Passage
Cursed is the deceitful man that hath in his flock a male, and making a vow offereth in sacrifice that which is feeble to the Lord: for I am a great King, saith the Lord of hosts, and my name is dreadful among the Gentiles.
Cursed is the deceitful man that hath in his flock a male, and making a vow offereth in sacrifice that which is feeble to the Lord: for I am a great King, saith the Lord of hosts, and my name is dreadful among the Gentiles.
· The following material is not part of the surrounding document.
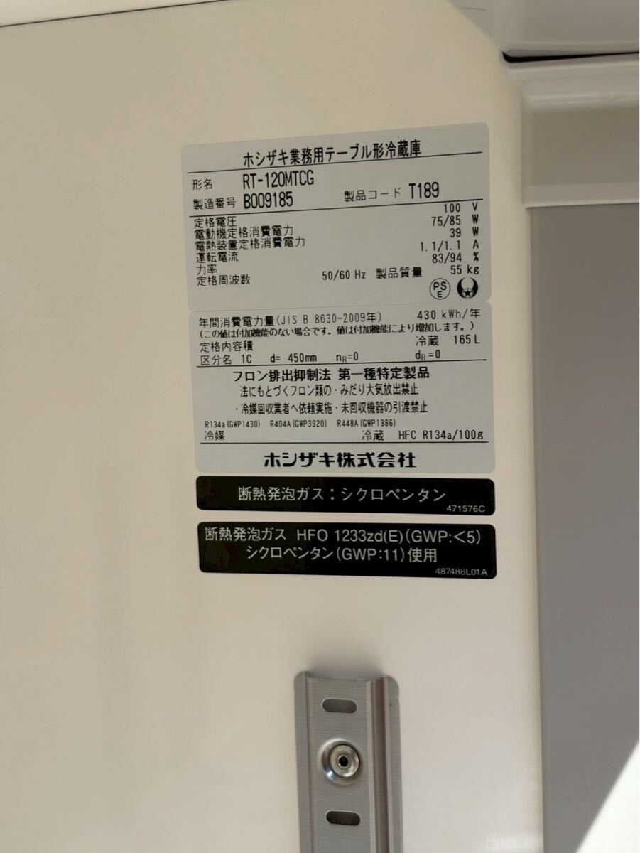 2022年9月新品導入 ホシザキ 台下冷蔵庫 コールドテーブル RT-120MTCG 幅1200×奥行450×高さ800mm 大阪府摂津市

Malachi 1:12 And you have profaned it in that you say: The table of the Lord is defiled: and that which is laid thereupon is contemptible with the fire that devoureth it.
Malachi 1:13 And you have said: Behold of our labour, and you puffed it away, saith the Lord of hosts, and you brought in of rapine the lame, and the sick, and brought in an offering: shall I accept it at your hands, saith the Lord?
Malachi 1:14 Cursed is the deceitful man that hath in his flock a male, and making a vow offereth in sacrifice that which is feeble to the Lord: for I am a great King, saith the Lord of hosts, and my name is dreadful among the Gentiles.
The verse centers on "cursed", "deceitful", "hath", "flock", "male", "making", "offereth", and "sacrifice". It is saying that the verse draws attention to "cursed" and "deceitful", so its meaning should be read from those terms before moving to application.
The prior verse says "And you have said Behold of our...", giving immediate footing for "cursed" and "deceitful". In Malachi context, the local focus is covenant faithfulness, priestly corruption, divine justice, and the coming day of the LORD.
A plain takeaway is to answer the verse's own emphasis on "cursed" and "deceitful" with trust shaped by these words, not by a vague optimism outside the passage.